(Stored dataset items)
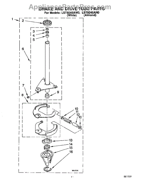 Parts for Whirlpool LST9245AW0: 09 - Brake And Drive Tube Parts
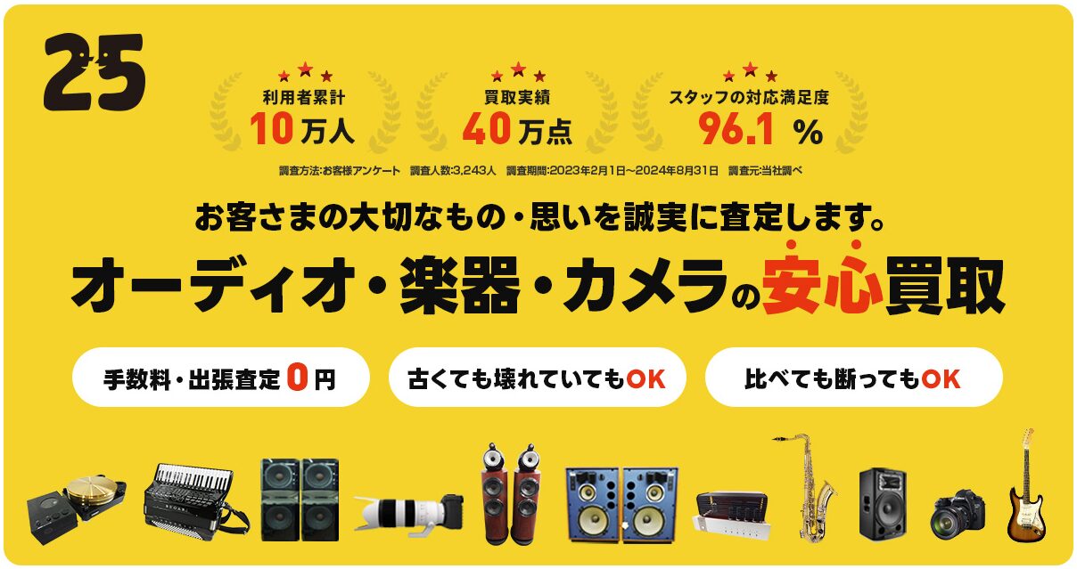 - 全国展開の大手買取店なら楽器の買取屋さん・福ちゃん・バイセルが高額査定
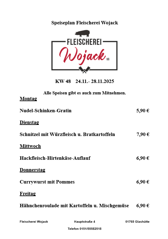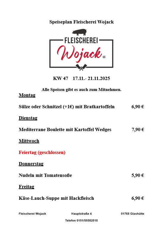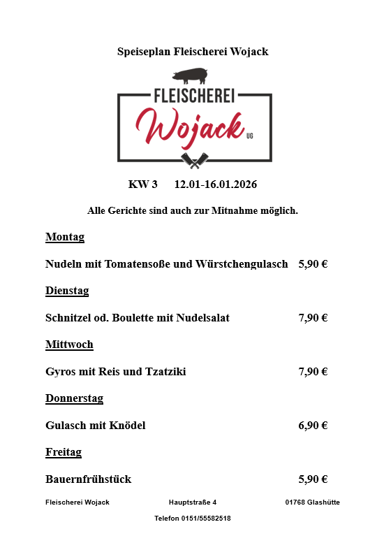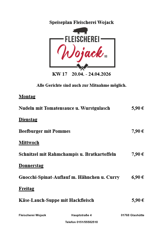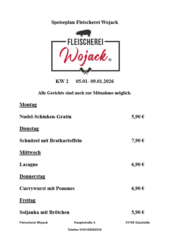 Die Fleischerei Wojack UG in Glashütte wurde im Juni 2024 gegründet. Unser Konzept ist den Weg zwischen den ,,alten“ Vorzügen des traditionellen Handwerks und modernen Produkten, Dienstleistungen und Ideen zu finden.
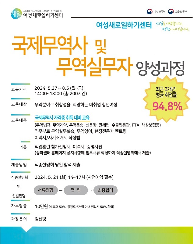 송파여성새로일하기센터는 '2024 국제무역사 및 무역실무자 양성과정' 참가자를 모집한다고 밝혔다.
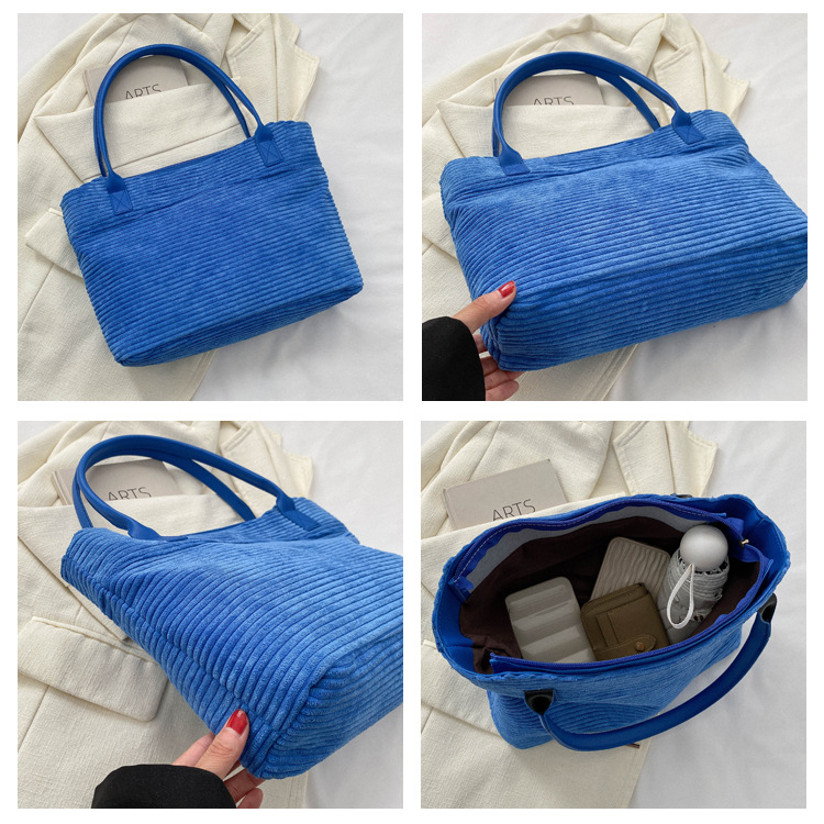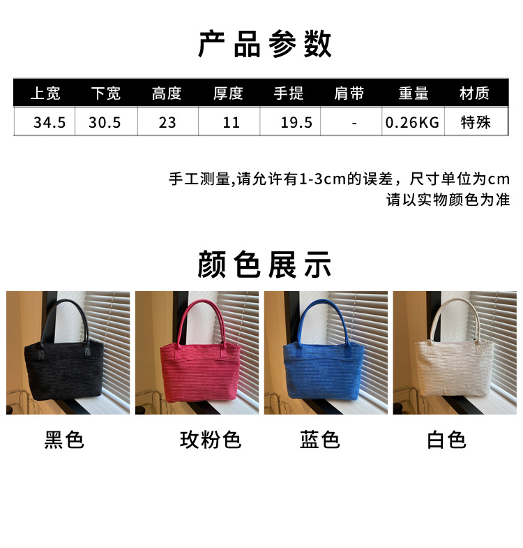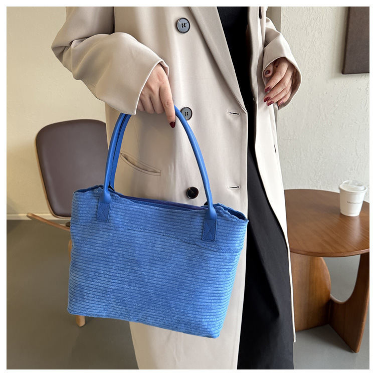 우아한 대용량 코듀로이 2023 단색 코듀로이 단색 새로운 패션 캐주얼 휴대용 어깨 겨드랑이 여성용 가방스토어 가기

### Assignment:
Omit the pictures and write out the remaining data exactly.

### Solution:
 Parts for Whirlpool LST9245AW0: 09 - Brake And Drive Tube Parts
 - 全国展開の大手買取店なら楽器の買取屋さん・福ちゃん・バイセルが高額査定
 Die Fleischerei Wojack UG in Glashütte wurde im Juni 2024 gegründet. Unser Konzept ist den Weg zwischen den ,,alten“ Vorzügen des traditionellen Handwerks und modernen Produkten, Dienstleistungen und Ideen zu finden.
 송파여성새로일하기센터는 '2024 국제무역사 및 무역실무자 양성과정' 참가자를 모집한다고 밝혔다.
 우아한 대용량 코듀로이 2023 단색 코듀로이 단색 새로운 패션 캐주얼 휴대용 어깨 겨드랑이 여성용 가방스토어 가기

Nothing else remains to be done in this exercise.